After the adoptive transfer of 5 × 105 CMRA (CellTracker Orange; Invitrogen)-labeled gBT-I T cells the day before infection, HSV-1 was epicutaneously applied to the skin or inoculated by pipette to the vaginal cavity after FITC labeling, as described in Fig. S9. A fluorescence microscope (model BX61WI; Olympus) in combination with a 20× 0.95NA objective (Olympus) and a multiphoton microscopy system (LaVision Biotec) was used for imaging of the excised lymph nodes. An autotunable titanium-sapphire multipass laser (Chameleon XR; Coherent) pumped by a 12W Verdi laser source was used for the excitation light source. Emitted light was collected with nondescanned detectors outfitted with the following bandpass filters: 435/90 nm (for the second harmonic emission of collagen fibers), 525/50 nm (for FITC), and 615/100 nm (for CellTracker Orange). Stacks of either 51 or 101 optical sections with a 1-µm z spacing were acquired with the laser set at a wavelength of 820 nm. The field of view for each xy plane was either 150 µm, at a resolution of 0.3 µm per pixel, or 300 µm, at a resolution of 0.59 µm per pixel. Volocity software (PerkinElmer) was used to generate volume renderings of image stacks.
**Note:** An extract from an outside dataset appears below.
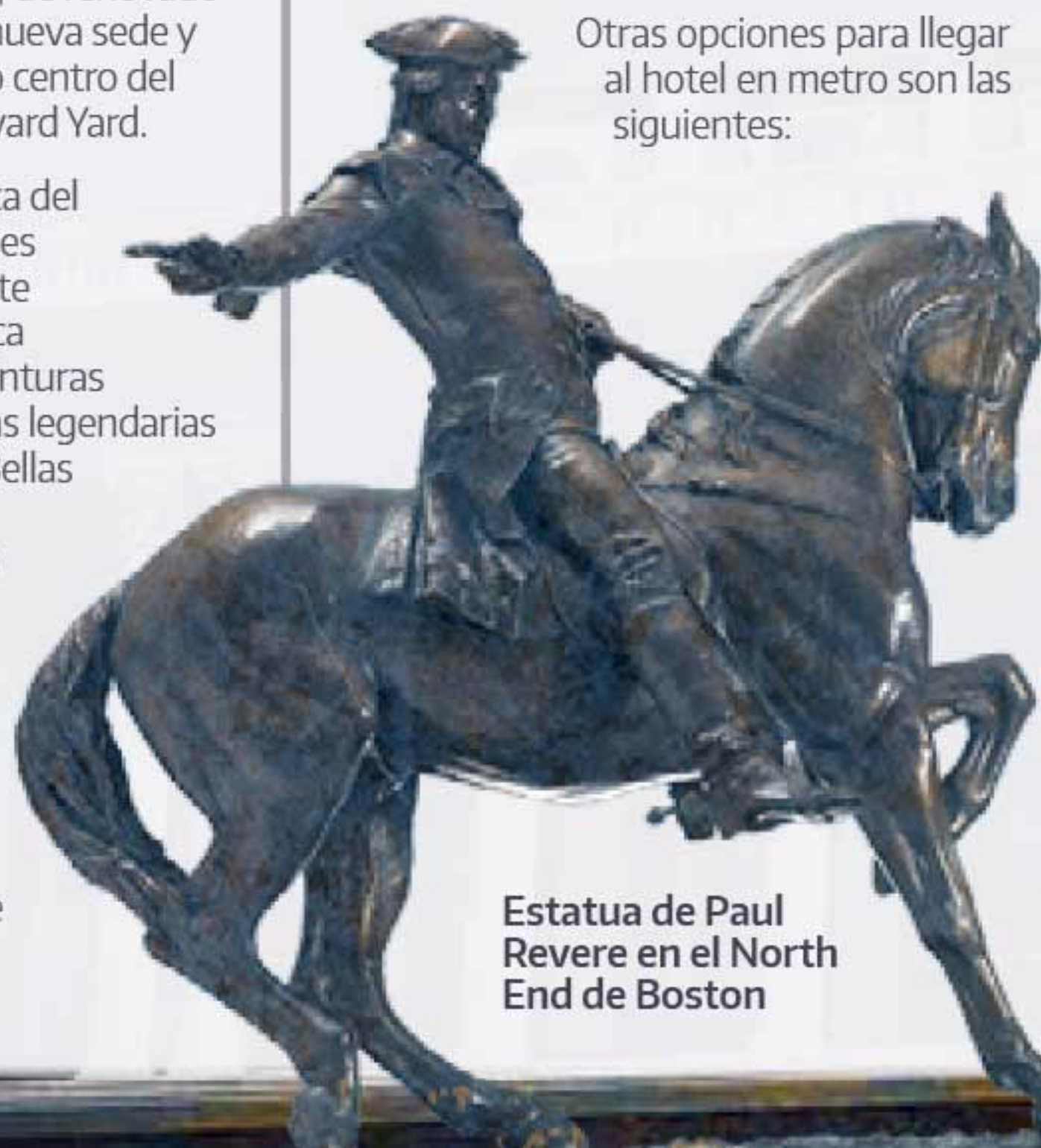
Estatua de Paul Revere en el North End de Boston

Las tarifas son planas, lo que incluye todos los peajes, impuestos y propinas a la persona que conduce. Las tarifas planas se estructuran de la siguiente forma: hora punta (de lunes a viernes): 7:00 - 21:00 y 15:30 - 18:30, 30,00 dólares por taxi (1-4 pasajeros). Para el resto de horarios, que incluyen los días entre semana: 26,25 dólares por taxi (1-4 pasajeros); los monovolúmenes y camionetas son algo más caros; todos los precios pueden cambiar.
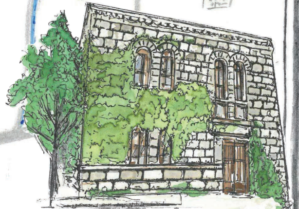
⑥旧松山家住宅松濤館 (市立図書館打出分室) →P.24~

Online supplemental material.
Fig. S1 depicts cell-sorting strategies to obtain pure DC populations from lymph nodes. Fig. S2 shows the proliferation of gBT-I induced by ex vivo–purified DC subsets. Fig. S3 shows the relative capacities of DC subsets in stimulating naive CD8 T cell proliferation in vitro. Fig. S4 shows antigen presentation by DC subsets after ivag needle HSV-1 injection. Fig. S5 depicts the antigen-presenting capacity of DC subsets per lymph node. Fig. S6 shows the lack of BrdU uptake by CCR7+ DCs in the HSV-1 draining lymph nodes. Fig. S7 shows the lack of expression of CD8α by local DCs in the vagina and the skin. Fig. S8 demonstrates that the migratory DCs do not express TNF-α or iNOS in the lymph node. Fig. S9 shows the relative role of migrant versus resident DCs in antigen presentation after vaginal versus epicutaneous HSV-1 infection. Fig. S10 depicts two-photon microscopic analyses of migrant DC interaction with gBT-I cells in the lymph nodes draining HSV-1 infection after vaginal versus epicutaneous delivery.
We thank Drs. C. Norbury and C. Ardavin for critical reading of the manuscript. We thank Drs. C. Jones, W. Heath, and F. Carobone for providing the gBT-I transgenic mice.
This study was supported by grants from the National Institutes of Health (AI054359, AI062428, and AI064705). H.K. Lee was supported by the Ministry of Science and Technology of Korea and is a recipient of an Anna Fuller fellowship and a Richard K. Gershon fellowship. A. Iwasaki is a recipient of the Burroughs Wellcome Investigators in Pathogenesis of Infectious Disease grant.
The authors have no conflicting financial interests.
Abbreviations used: cDC, conventional DC; DN, double negative; EpCAM, epithelial cell adhesion molecule; f.p., footpad; iNOS, inducible NO synthase; ivag, intravaginal; pDC, plasmacytoid DC; PTX, pertussis toxin; TIP DC, TNF/inducible NO synthase–producing DC.